WHAT YOU ARE ASKED TO DO: Please set down, word for word, the line that contains "- 15% Discount" and every line after it to the end of the entries below, omitting the pictures.

Stored entries
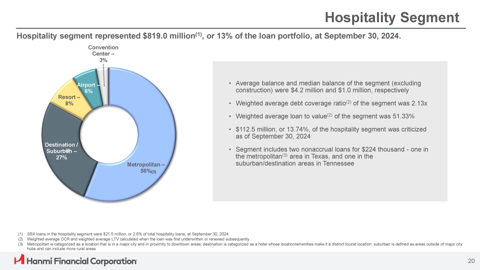 Office Loan Portfolio The CRE office portfolio (1) was $571.6 million (2) at September 30, 2024, representing 9% of the total loan portfolio. 81% 12% 3% Remaining = 3% 1% Portfolio by State • Average balance and median balance of the portfolio were $ 4 . 4 million and $ 1 . 09 million, respectively • Weighted average debt coverage ratio (3) of the segment was 2.02x • Weighted average loan to value (3) of the segment was 55.71% • 23.5% of the portfolio is expected to reprice in 1 to 3 months • Delinquent loans represented 0.14% of the office portfolio • Criticized loans represented 1.52% of the office portfolio Rate Distribution (1) Segment represents exposure in CRE and excludes $18 million in construction. 7.7% of the portfolio is owner occupied (2) SBA CRE office loans were $7.3 million, or 1.3% of total office loans, at September 30, 2024 (3) Weighted average DCR and weighted average LTV calculated when the loan was first underwritten or renewed subsequently 65% 35% Fixed Variable 19
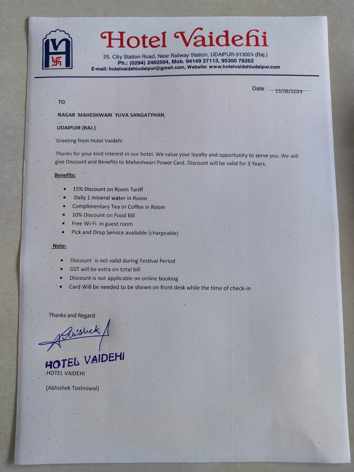 - 15% Discount on Room Tariff (Discount Not Valid During Festival Season)
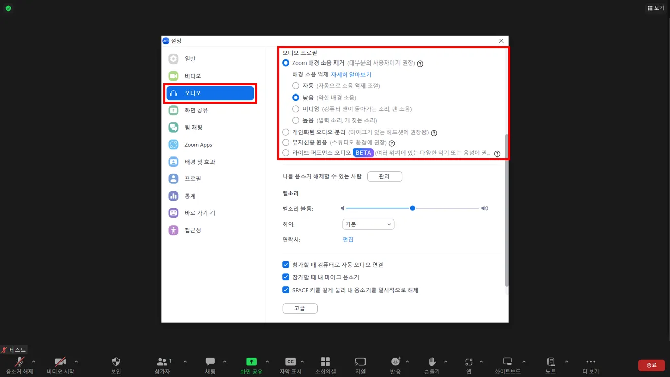 수업에서 악기를 활용하실 예정이라면 악기 소리와 선생님의 음성이 잘 전달되도록 오디오 설정이 필요합니다.
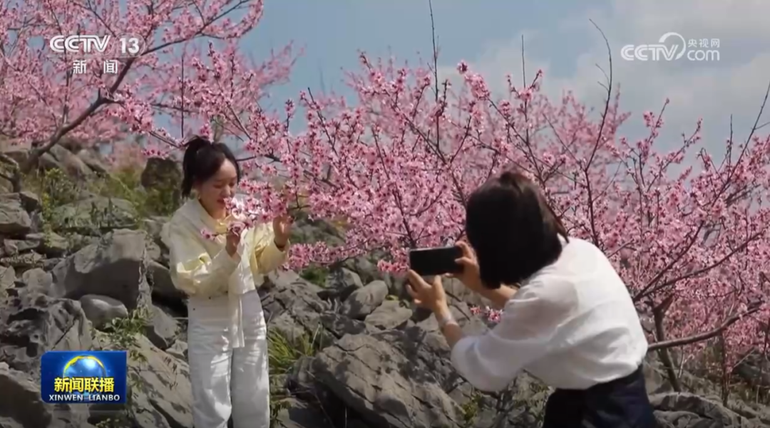 2024年3月,印江县石漠化生态治理公园春景登上央视《新闻联播》节目。贵州印江万亩石漠化生态治理公园里,桃红李白,花满枝头。游客们赏花拍照,怡然自得。过去乱石滩,今日花果山造福群众,游客点赞。
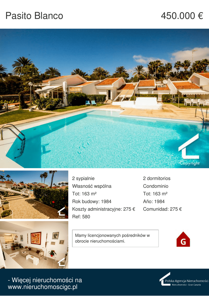Pasito Blanco 450.000 € 2 sypialnie 2 dormitorios Własność wspólna Condominio Tot: 163 m² Tot: 163 m² Rok budowy: 1984 Año: 1984 Koszty administracyjne: 275 € Comunidad: 275 € Ref: 580 Mamy licencjonowanych pośredników w obrocie nieruchomościami. - Więcej nieruchomości na www.nieruchomoscigc.pl
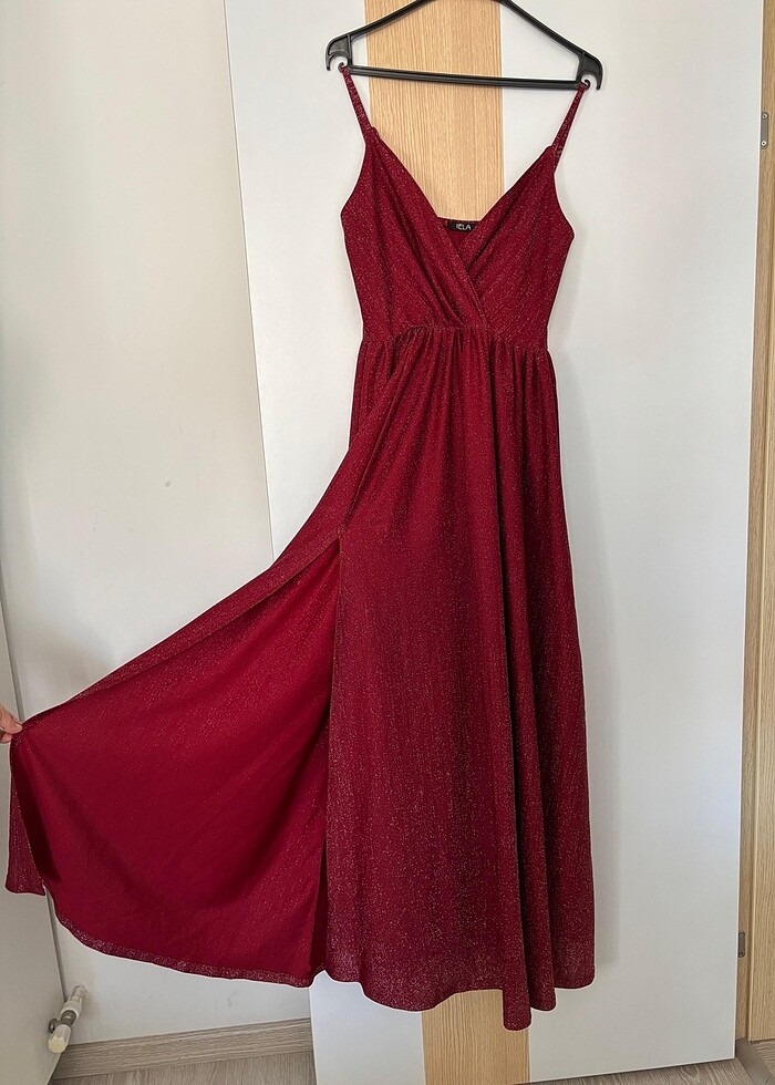 Bordo simli yırtmaçlı abiye

COMPLETED EXERCISE:
 - 15% Discount on Room Tariff (Discount Not Valid During Festival Season)
 수업에서 악기를 활용하실 예정이라면 악기 소리와 선생님의 음성이 잘 전달되도록 오디오 설정이 필요합니다.
 2024年3月,印江县石漠化生态治理公园春景登上央视《新闻联播》节目。贵州印江万亩石漠化生态治理公园里,桃红李白,花满枝头。游客们赏花拍照,怡然自得。过去乱石滩,今日花果山造福群众,游客点赞。
Pasito Blanco 450.000 € 2 sypialnie 2 dormitorios Własność wspólna Condominio Tot: 163 m² Tot: 163 m² Rok budowy: 1984 Año: 1984 Koszty administracyjne: 275 € Comunidad: 275 € Ref: 580 Mamy licencjonowanych pośredników w obrocie nieruchomościami. - Więcej nieruchomości na www.nieruchomoscigc.pl
 Bordo simli yırtmaçlı abiye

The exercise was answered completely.